- Born: 27 December 1884 Kent, England
- Died: 5 May 1947 (aged 62) Chelsea, London
- Occupations: Actor, dancer

= Quentin Tod =

Quentin Tod (27 December 1884 – 5 May 1947), sometimes credited as Quentin Todd, was a British actor, dancer, choreographer, television pioneer, and a devotee of Meher Baba.

== Biography ==

Tod's first credited performance in film was in the 1930 Monty Banks comedy The New Waiter, in which Tod played himself. He was the sole credited dancer in the first British televised version of A Midsummer Night's Dream in 1937 and was ballet choreographer on the 1937 British television pantomime performance of Dick Whittington and His Cat. The following year he devised Have You Brought Your Music? for BBC Television. The show featured music played by the now defunct BBC Television Orchestra.

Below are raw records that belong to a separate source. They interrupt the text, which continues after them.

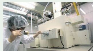
電子ビームリソグラフィー（研究棟に設置されている装置の一つ）

空間情報の利活用を目的として、空間的可視化による地域防災支援などの様々な分野での応用研究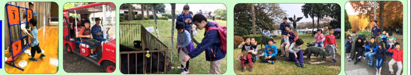
あきる野市障がい者防災・スポーツフェアにて 家畜ふれあいデーにて（旧：畜産試験場）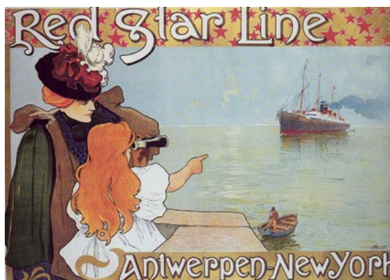
■ Red Star Line poster, Henri Cassiers, vers 1899

Ce n'est qu'à la fin du 19 e siècle que l'on peut parler d'une importante immigration juive en Belgique et plus particulièrement à Anvers. Après la Première Guerre mondiale, l'immigration est plus massive et jusqu'aux années 1920, la ville d'Anvers se caractérise par un climat assez tolérant à l'égard des Juifs. En ce sens, on peut parler d'une ville cosmopolite. En plus des Juifs de Russie et de Pologne qui fuient les persécutions (appelées Pogroms), de nombreux migrants passent par le port d'Anvers pour se rendre en Amérique.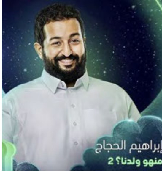
إبراهيم الحجاج منهو ولدنا؟ 2

الخليجية مثل الفنانة هدى حسين، وجمال الردهان، وفاطمة الصفي، وعبد الله البلوشي، ومنيرة محمد، ونوف سلطان، وسحر حسين، من إخراج علي العلي، وتأليف حمد الرومي، ويعرض عبر قنوات mbc، و MBC Drama، ومنصة شاهد الإلكترونية.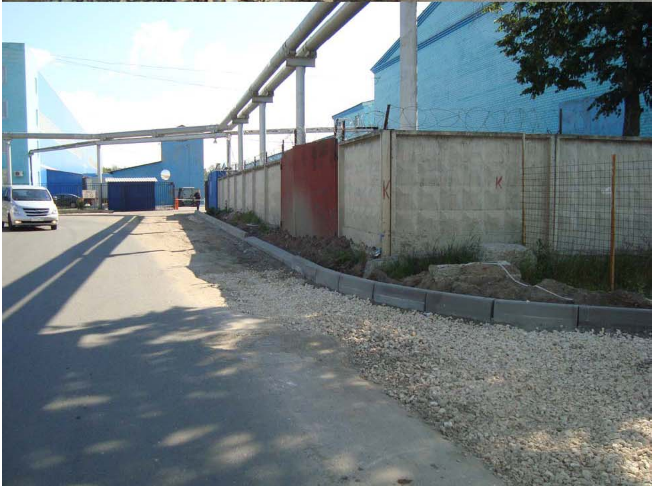
Участок :287 и :241.Выполнены работы по монтажу бордюра и устройству выравнивающих слоёв из щебня.

Quentin Tod met the Indian spiritual master Meher Baba in London at the home of Helena Davy in 1931 and became a devoted follower for the remainder of his life. He spent time in Meher Baba's ashram in India near Ahmednagar and also traveled with him to the United States in 1932.

Tod died in 1947 of malnutrition in St. Stephen's Hospital in Chelsea, London at the age of 62.